Banyak hadis yang menjelaskan bahwa inti iman adalah rasa, yaitu merasa dilihat Tuhan. Nah, untuk menghasilkan lulusan yang selalu merasa dilihat Tuhan bagaimana? Di sinilah kekurangan kita selama ini. Seharusnya selain pendekatan rasional (untuk aspek pengetahuan) kita tambahkan pendekatan rasa (untuk menanamkan rasa iman). Pendekatan rasa ini untuk sementara kita sebut saja pendekatan tasawuf.
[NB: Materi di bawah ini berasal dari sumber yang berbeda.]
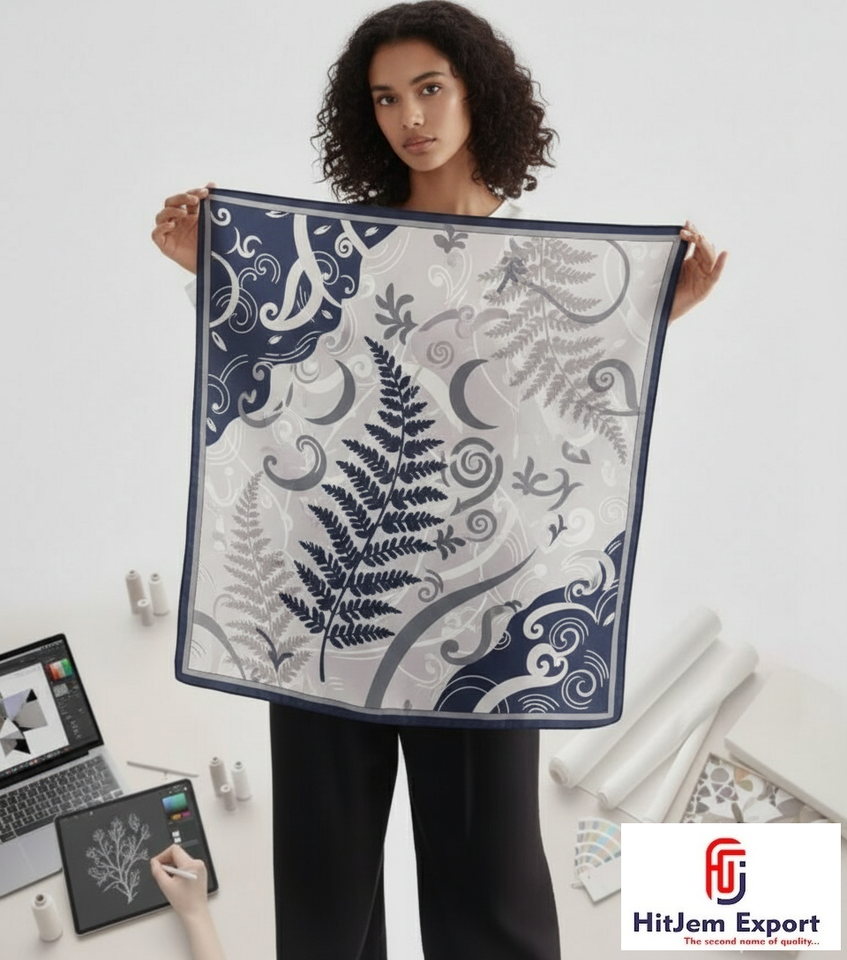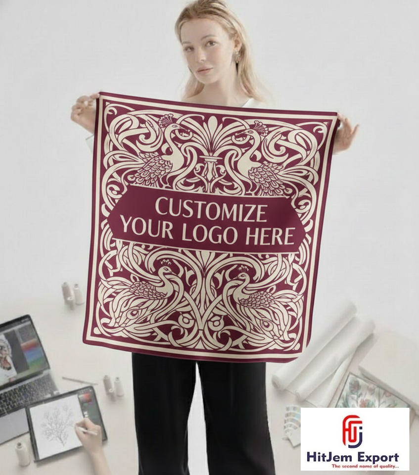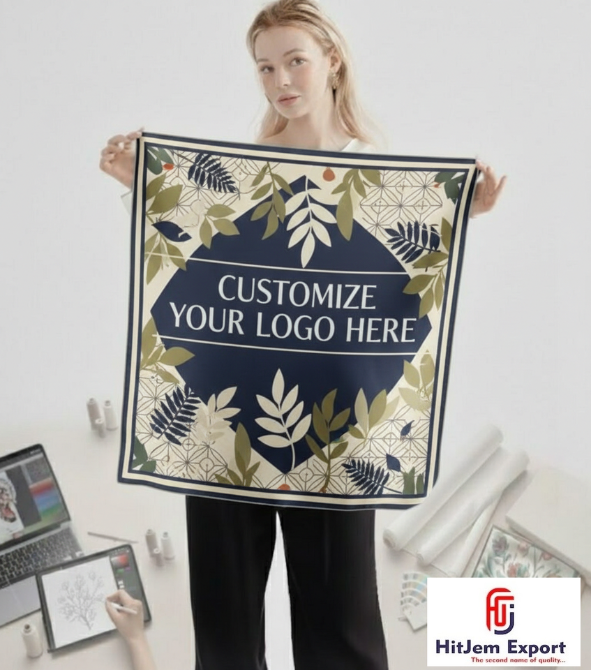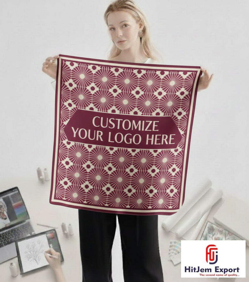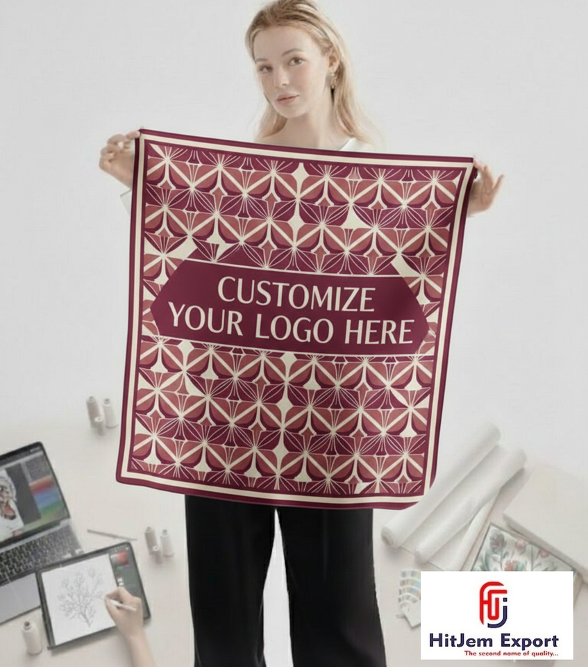 ผ้าพันคอสี่เหลี่ยมพิมพ์ลายตามสั่ง เนื้อผ้าคล้ายผ้าไหม แฟชั่นฮิญาบ ผ้าคลุมศีรษะ ผลิตภัณฑ์สั่งทำพิเศษ รับผลิตแบบ OEM ODM ผู้ผลิตสิ่งทอตามสั่ง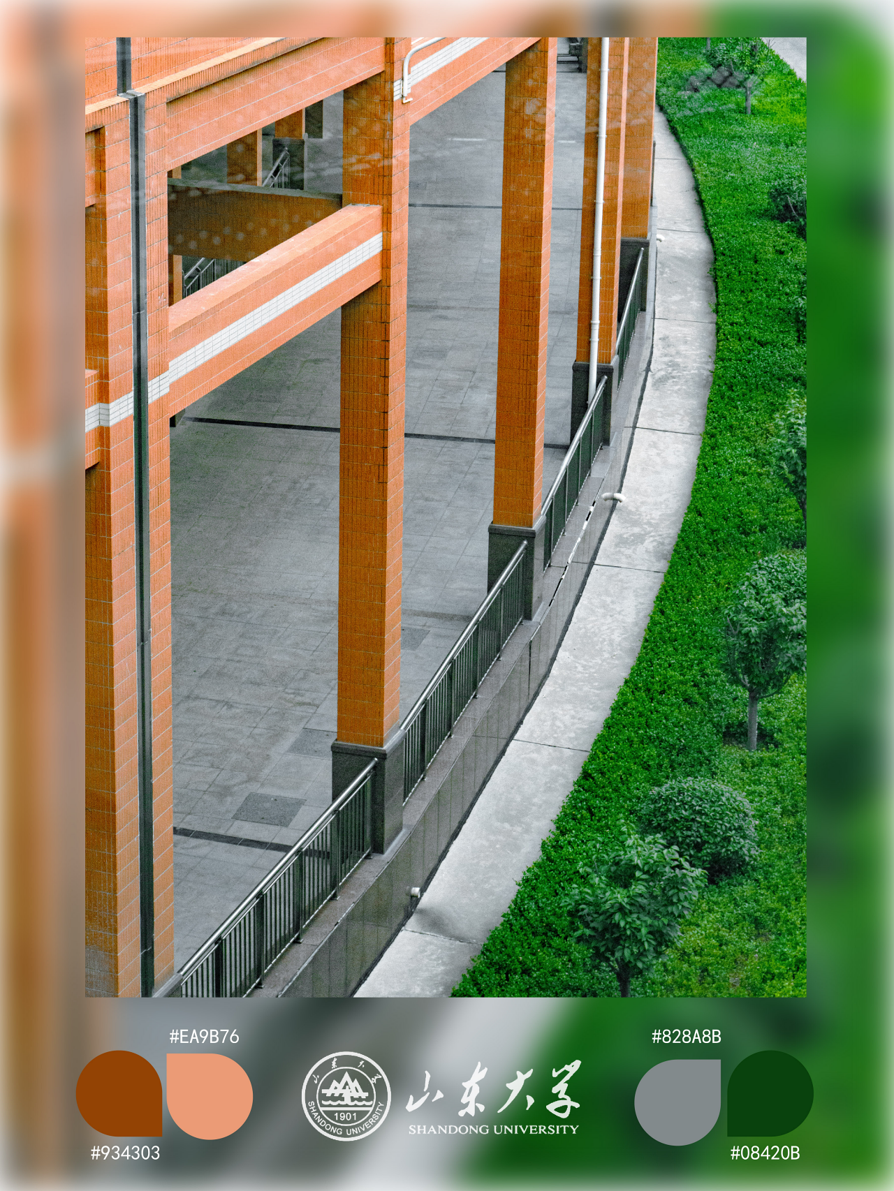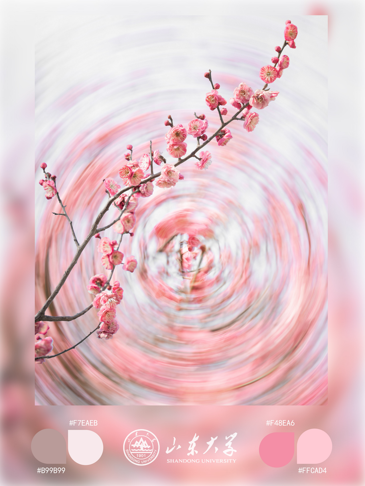 Shandong University transforms into a living canvas as the seasons turn. Spring whispers in blush pink. Flower-laden branches brush warm brick-red colonnades, as lazy shadows wander stone railings under a pale pink misty sky.

Itu bukanlah berarti murid-murid harus mengamalkan tasawuf; itu hanyalah nama pendekatan.
Bila pendekatan rasional menurunkan metodologi pengajaran tertentu yang sudah dengan baik dikuasai dan digunakan guru agama, maka pendekatan tasawuf juga memiliki metodologi pengajaran tertentu yang belum diketahui dan belum digunakan dengan baik oleh guru agama.
Kesimpulan
Jika kita menginginkan lulusan pendidikan kita berakhlak mulia, maka
(1) Jadikanlah pendidikan agama sebagai core sistem pendidikan nasional;
(2) Guru agama Islam menggunakan dua pendekatan, yaitu pendekatan rasional dan pendekatan tasawuf.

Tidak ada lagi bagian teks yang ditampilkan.